В сырую погоду, на исходе не наступившей весны,
когда ночи становятся короче, а с ними и сны,
старый мир по-прежнему в форме первозданного яйца.
Чьи-то забытые листы, еще не тронутые благодатью,
поделены с оглядкой между стулом и кроватью
в предчувствии привычного, но верного конца.
Тельца трепещут, напоенные до края страстью.
Все замирает вдруг в присутствии упавшего птенца,
застрявшего по недосмотру меж гнездом и грязью.
И каждый молча славит деревянного Отца,
до неприличия измазанного красноватой вязью
и лезет с веток дикой и языческой толпой.

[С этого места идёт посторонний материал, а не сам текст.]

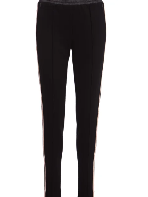 Детали: прямой крой, слегка зауженный книзу, средняя посадка, пояс на кулиске с резинкой, прорезные карманы-листочки с потайными молниями, лампасы по боковым швам, простроченные стрелки вдоль штанин.

Вдыхая запах дыма, свежих обожженных веток,
на доску, темную от времени и под галдеж трещоток,
выносят старых истуканов, пищу и цветы.
Дети, приученные когда-то к страху пустоты,
обращают в своего по случаю упавшего птенца,
в некую смесь из суеверия, грязи и простоты,
освященной давностью староязыческих обрядов,
не забытых по причине круговорота вещей в природе,
ибо природа не терпит в любимых детях пустоты,
как, впрочем, и чьих-то посторонних взглядов,
издавна исправляемых в народе с помощью
цветов и истуканов.
9 июня 2005 г.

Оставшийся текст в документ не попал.